5   One Modern Pessimism
      This chapter and the one following it exist to show that the ideas in
Covenantal Theology are powerful and useful, in ways that current
Catholic theology can not be. We begin with long quotes from a very
modern book.
Read what Mr. Marvin Minsky has to say to you (on
the remainder of this page) very carefully:
1. [Minsky M (1986). The society of mind. New
York: Simon and Schuster, pp. 306-7. Mr.
Minsky is a famous MIT-based cognitive
scientist, and The Society of Mind is a famous
book. Emphases are original.]
We each believe that we possess an Ego, Self, or Final Center of Control, from which we choose what we shall do at
every fork in the road of time. . . . Whence comes this sense of being in control? According to the modern scientific view,
there is simply no room at all for "freedom of the human will." Everything that happens in our universe is either completely
determined by what's already happened in the past or else depends, in part, on random chance. Everything, including that
which happens in our brains, depends on these and only these:
A set of fixed, deterministic laws.                          A purely random set of accidents.
. . . We like to give names to what we do not know, and instead of wondering how we work we simply talk of being "free."
Perhaps it would be more honest to say, "My decision was determined by internal forces I do not understand." But no one
likes to feel compelled by something else. Why don't we like to feel compelled? Because we're largely made up of
systems designed to learn to achieve their goals. But in order to achieve any long-range goals, effective difference-
engines must also learn to resist whatever other processes attempt to make them change those goals. . . . So, though it's
futile to resist, we continue to regard both Cause and Chance as intrusions on our freedom of choice.

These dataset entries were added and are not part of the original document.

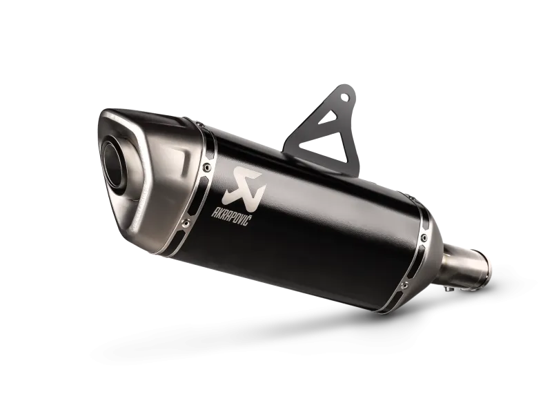Constructed from race-proven materials, this exhaust has a black-coated titanium outer sleeve on the muffler and features a newly designed end cap, also made of lightweight titanium, like the bracket. It is finished with a stainless-steel link pipe and muffler inner structure. Weighing 39.8% (1.6 kg) less than the standard stock exhaust, it offers performance gains in the mid and high rev ranges. During development, the engineers focused on throttle response and rideability, resulting in increased power figures of 0.7 kW (0.9 hp) and a torque enhancement of 1.3 Nm, both at 5,700 rpm when compared to a standard stock system and tested on the Akrapovič in-house dyno.
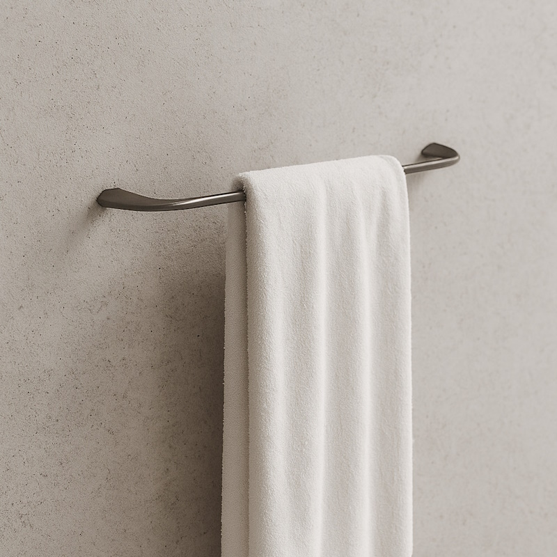 Держатель для полотенец в отделке «оружейная сталь» создаёт модный индустриальный акцент. Прочные материалы ZAMAK + SUS-201 гарантируют долговечность и защиту от влаги. Матовая поверхность с антиследовым покрытием сохраняет эстетичный вид изделия.
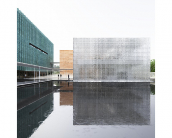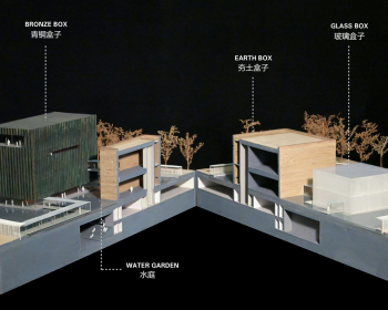 水中浮出三个看似独立的建筑体量:青铜、夯土和玻璃盒子。三个体量又分别跟水面有着不同的关系:一个浮在水上,一个坐在池中,一个嵌入水中上下各一半。半透明的玻璃盒子被安静的流水通体覆盖,水从屋顶流下,顺着四周的玻璃表面一直落到地下二层,往复循环。
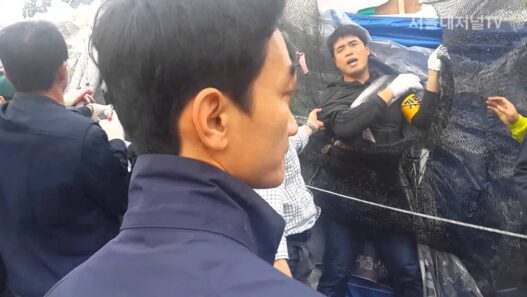 [현장스케치] 한남운수 차고지 앞 농성장 철거 집행
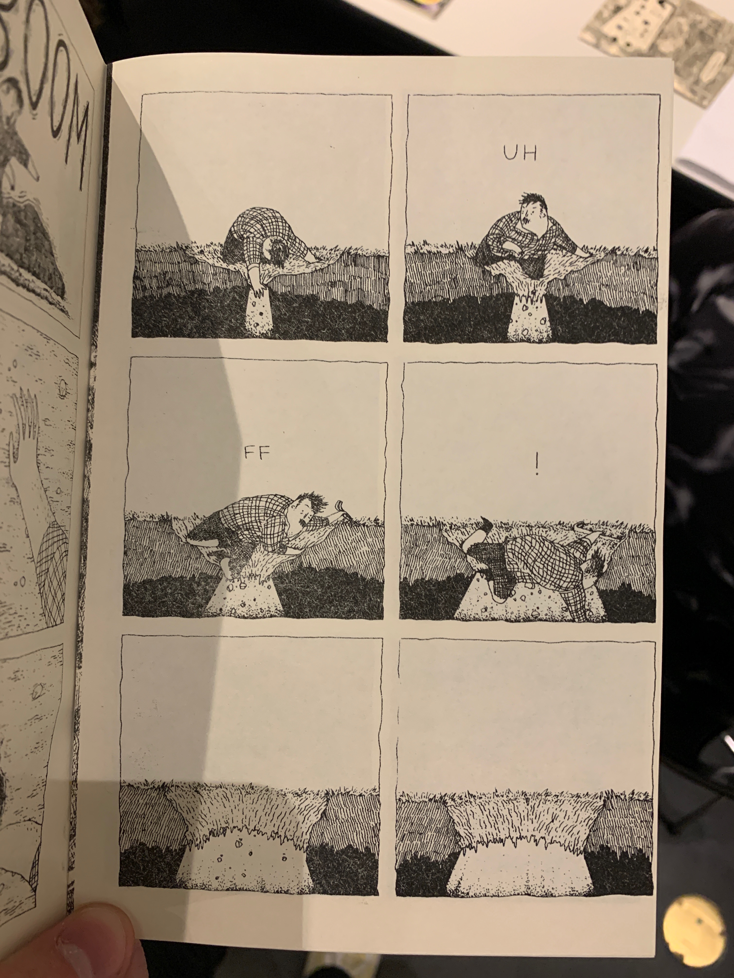 For this activity, I wanted to find the image/s that spoke the most to me or gave me a reaction. One of the first books I picked up ended up giving me an emotional experience and was very eerie and creepy to me. Apocalypse Dad, was filled with cool images and depictions of a father attempting to find his ‘daughter,’ however, weird twists came about in the end. I chose these specific images because this is where the story took a turn and began to reveal the darkness beneath everything. The darkness, s well as the space the images were created in, gave me a sullen and tense feeling, which made me want to continue reading. This helped me to be drawn into this zine and showed its true purpose in the end. Ultimately, I had fun exploring these pieces of art, and wish to continue doing so in the future.

. . . To save our belief in the freedom of will from the fateful grasps of Cause and Chance, people simply postulate an
empty, third alternative. We imagine that somewhere in each person's mind, there lies a Spirit, Will, or Soul, so well-
concealed that it can elude the reach of any law -- or lawless accident.
I've drawn the box for Will so small because we're always taking things out of it -- and scarcely ever putting things in! This
is because whenever we find some scrap of order in the world, we have to attribute it to Cause -- and whenever things
seem to obey no laws at all, we attribute that to Chance. . . . Does this mean that we must embrace the modern scientific
view and put aside the ancient myth of voluntary choice? No. We can't do that: too much of what we think and do revolves
around those old beliefs. Consider how our social lives depend upon the notion of responsibility and how little that idea
would mean without our belief that personal actions are voluntary. . . . But if we suspected that such choices were not
made freely . . . we might become impelled to wreck the precious value-schemes that underlie our personalities or
become depressed about the futility of a predestination tempered only by uncertainty. Such thoughts must be suppressed.
No matter that the physical world provides no room for freedom of will . . . We're virtually forced to maintain that belief,
even though we know it's false -- except, of course, when we're inspired to find the flaws in all our beliefs, whatever may
be the consequence to cheerfulness and mental peace.